Saved entries:

---*---

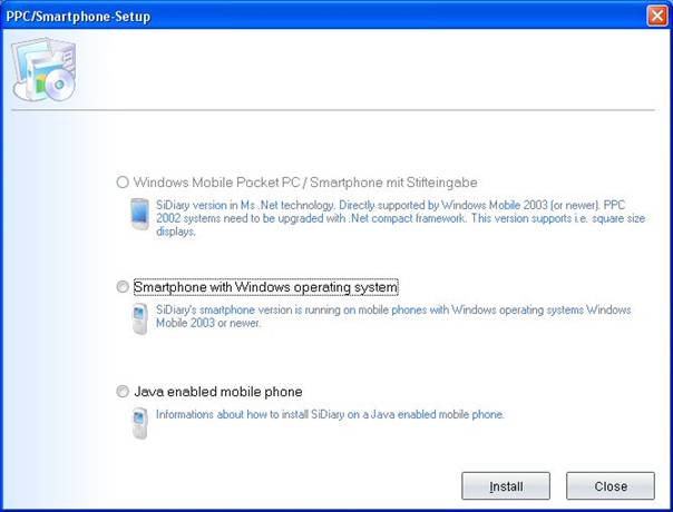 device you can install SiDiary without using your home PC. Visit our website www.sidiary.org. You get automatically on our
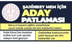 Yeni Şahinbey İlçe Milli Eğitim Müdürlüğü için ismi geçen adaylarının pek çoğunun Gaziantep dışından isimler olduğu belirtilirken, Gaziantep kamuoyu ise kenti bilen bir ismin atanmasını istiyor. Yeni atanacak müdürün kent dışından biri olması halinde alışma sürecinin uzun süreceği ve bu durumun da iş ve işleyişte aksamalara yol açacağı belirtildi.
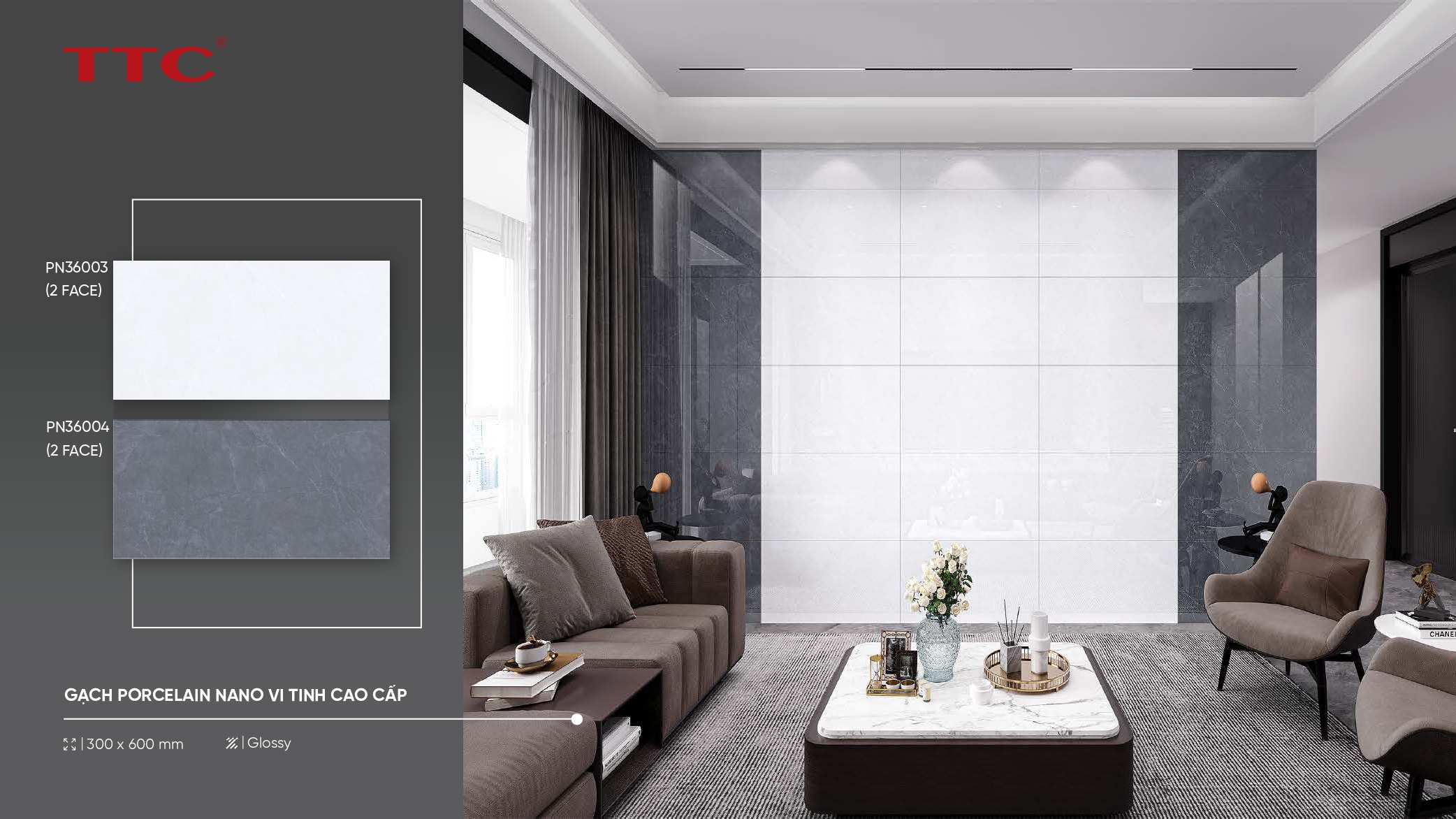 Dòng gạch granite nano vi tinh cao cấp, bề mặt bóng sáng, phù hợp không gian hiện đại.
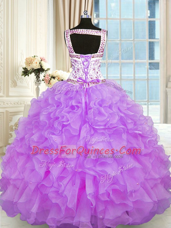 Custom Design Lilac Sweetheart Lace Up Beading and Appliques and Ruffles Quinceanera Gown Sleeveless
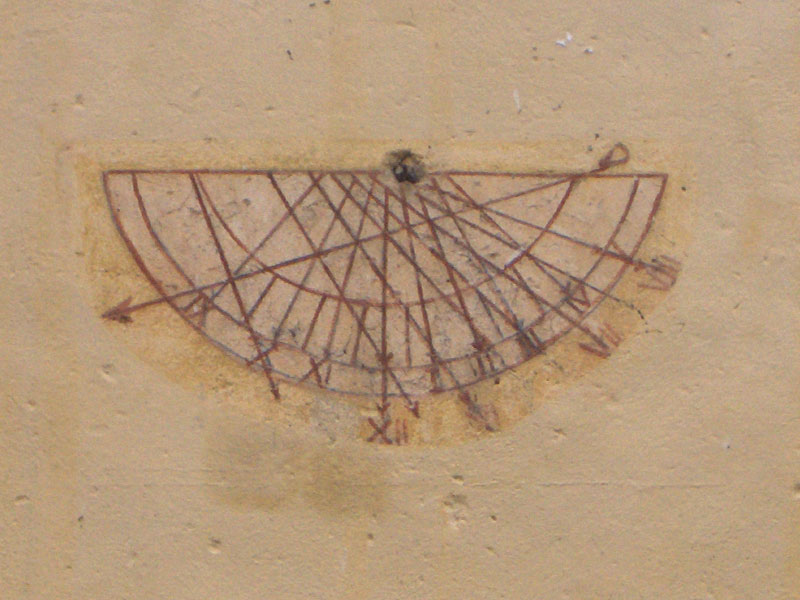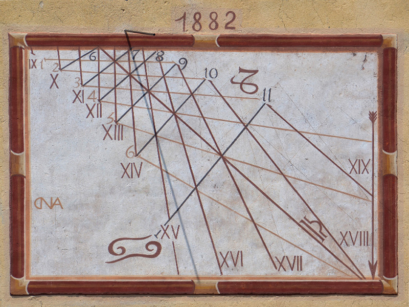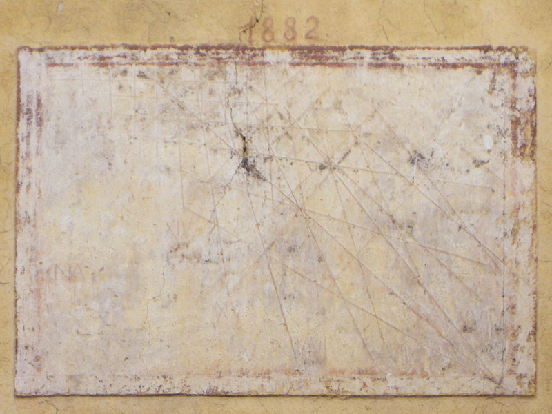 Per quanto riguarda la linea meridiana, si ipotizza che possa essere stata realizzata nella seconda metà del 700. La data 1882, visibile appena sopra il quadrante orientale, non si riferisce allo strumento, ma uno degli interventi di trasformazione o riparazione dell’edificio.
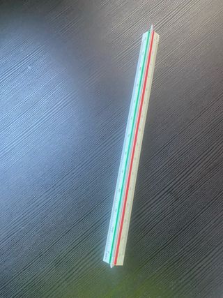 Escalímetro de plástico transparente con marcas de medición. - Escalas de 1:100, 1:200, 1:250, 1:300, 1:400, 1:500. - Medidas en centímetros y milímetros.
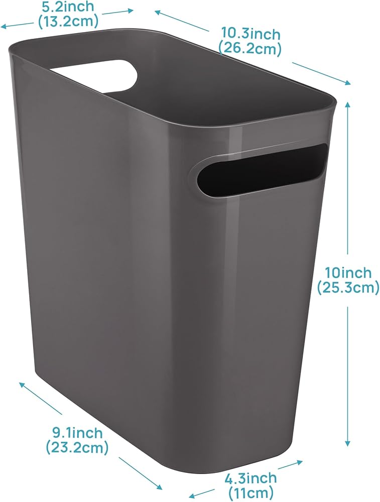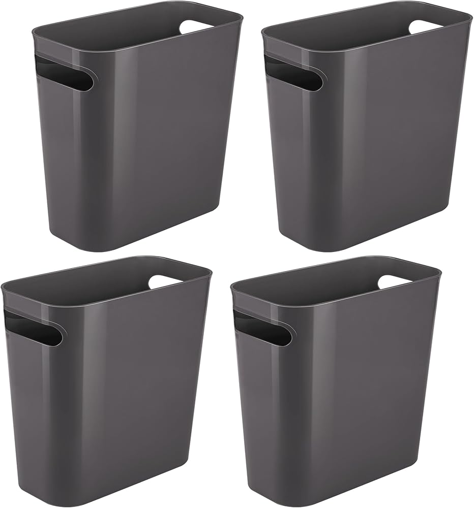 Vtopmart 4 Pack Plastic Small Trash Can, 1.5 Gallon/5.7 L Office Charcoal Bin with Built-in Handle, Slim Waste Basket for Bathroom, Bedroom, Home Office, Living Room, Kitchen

---*---

Print all of the data exactly, and do not carry over any pictures.

Solution below:
 device you can install SiDiary without using your home PC. Visit our website www.sidiary.org. You get automatically on our
 Yeni Şahinbey İlçe Milli Eğitim Müdürlüğü için ismi geçen adaylarının pek çoğunun Gaziantep dışından isimler olduğu belirtilirken, Gaziantep kamuoyu ise kenti bilen bir ismin atanmasını istiyor. Yeni atanacak müdürün kent dışından biri olması halinde alışma sürecinin uzun süreceği ve bu durumun da iş ve işleyişte aksamalara yol açacağı belirtildi.
 Dòng gạch granite nano vi tinh cao cấp, bề mặt bóng sáng, phù hợp không gian hiện đại.
 Custom Design Lilac Sweetheart Lace Up Beading and Appliques and Ruffles Quinceanera Gown Sleeveless
 Per quanto riguarda la linea meridiana, si ipotizza che possa essere stata realizzata nella seconda metà del 700. La data 1882, visibile appena sopra il quadrante orientale, non si riferisce allo strumento, ma uno degli interventi di trasformazione o riparazione dell’edificio.
 Escalímetro de plástico transparente con marcas de medición. - Escalas de 1:100, 1:200, 1:250, 1:300, 1:400, 1:500. - Medidas en centímetros y milímetros.
 Vtopmart 4 Pack Plastic Small Trash Can, 1.5 Gallon/5.7 L Office Charcoal Bin with Built-in Handle, Slim Waste Basket for Bathroom, Bedroom, Home Office, Living Room, Kitchen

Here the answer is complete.